Division of Maternal-Fetal Medicine and Perinatal Research, Department of Obstetrics and Gynecology, The University of Texas Medical Branch, 301 University Blvd, Galveston, TX, 77555, USA.
Department of Neuroscience, Cell Biology & Anatomy, The University of Texas Medical Branch at Galveston, Galveston, TX, USA.
Reprod Sci. 2020 Aug;27(8):1562-1569. doi: 10.1007/s43032-020-00184-9.
Fetal membranes, a vital component that helps maintain pregnancy and contribute to parturition signaling, are often studied in segments due to its structural complexity. Transwells are traditionally used to study cell interactions; however, their usefulness is limited.
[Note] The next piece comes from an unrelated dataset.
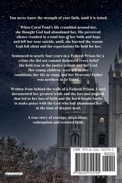 You never know the strength of your faith, until it is tested. When Carol Pond's life crumbled around her, she thought God had abandoned her, His perceived silence resulted in a total loss of her faith and hope and left her near suicide, until, she learned the reason God fell silent and the expectations He held for her. Sentenced to nearly four years in a Federal Prison for a crime she did not commit destroyed every belief she held true. Her young children were left in dire conditions, her life in ruins, and her Heavenly Father nowhere to be found. Written from behind the walls of a Federal Prison, Carol documented her greatest trials and the loss and anguish that led to her loss of faith and the hard fought battle to make peace with the God who had left her alone in her time of deepest need. A true story of courage, inspiration, redemption and restored faith.

To overcome these difficulties, a fetal membrane-organ-on-chip (FM-OO-C) was created to study interactive properties of amnion epithelial cells (AECs) and decidual cells compared to transwell systems.
Primary AECs and decidual cells from term, nonlaboring fetal membranes were cultured in a 2-chamber (AEC/decidual cell) FM-OO-C device and sandwiched between a semipermeable membrane. Cells were treated with cigarette smoke extract (CSE) or dioxin, and membrane permeability and cellular senescence were measured after 48 hours. The same experiments were conducted in transwells for comparisons.
Compared to transwell cultures, FM-OO-C model produced better membrane permeability readings regardless of the side of treatment or time point. Membrane permeabilization was higher in AECs directly treated with CSE (1.6 fold) compared to similar treatment on the decidual side (1.2 fold). In FM-OO-C, treatments forced changes between cellular layers. This was evident when CSE and dioxin-induced senescence on one side of the chamber produced similar changes on the opposite side. This effect was minimal in the transwell system.
The controlled environment of an FM-OO-C allows for improved signal propagation between cells by minimizing noise and highlighting the small changes between treatments that cannot be seen in conventional transwell devices. Fetal membrane-organ-on-chip provides a better interaction between cell types that can be used to study fetal-maternal signaling during pregnancy in future studies.
胎膜是维持妊娠和促进分娩信号的重要组成部分,由于其结构复杂,通常分段研究。Transwell 传统上用于研究细胞相互作用,但它们的用途有限。为了克服这些困难,创建了胎儿膜器官芯片(FM-OO-C),以研究与 Transwell 系统相比,羊膜上皮细胞(AEC)和蜕膜细胞的相互作用特性。
从足月、非分娩的胎膜中培养原代 AEC 和蜕膜细胞,将其置于 2 室(AEC/蜕膜细胞)FM-OO-C 装置中,并夹在半透膜之间。用香烟烟雾提取物(CSE)或二恶英处理细胞,并在 48 小时后测量膜通透性和细胞衰老。在 Transwell 中进行相同的实验进行比较。
与 Transwell 培养相比,FM-OO-C 模型产生的膜通透性读数更好,无论处理侧还是时间点如何。直接用 CSE 处理的 AEC 的膜通透性增加(1.6 倍),而在蜕膜侧类似处理的膜通透性增加(1.2 倍)。在 FM-OO-C 中,处理迫使细胞层之间发生变化。当 CSE 和二恶英诱导的一侧室的衰老产生对面相同的变化时,这种效应就很明显。这种效应在 Transwell 系统中最小。
FM-OO-C 的受控环境通过最小化噪声并突出处理之间无法在传统 Transwell 设备中看到的微小变化,允许细胞之间更好的信号传递。胎儿膜器官芯片提供了更好的细胞类型之间的相互作用,可以在未来的研究中用于研究妊娠期间的胎儿-母体信号。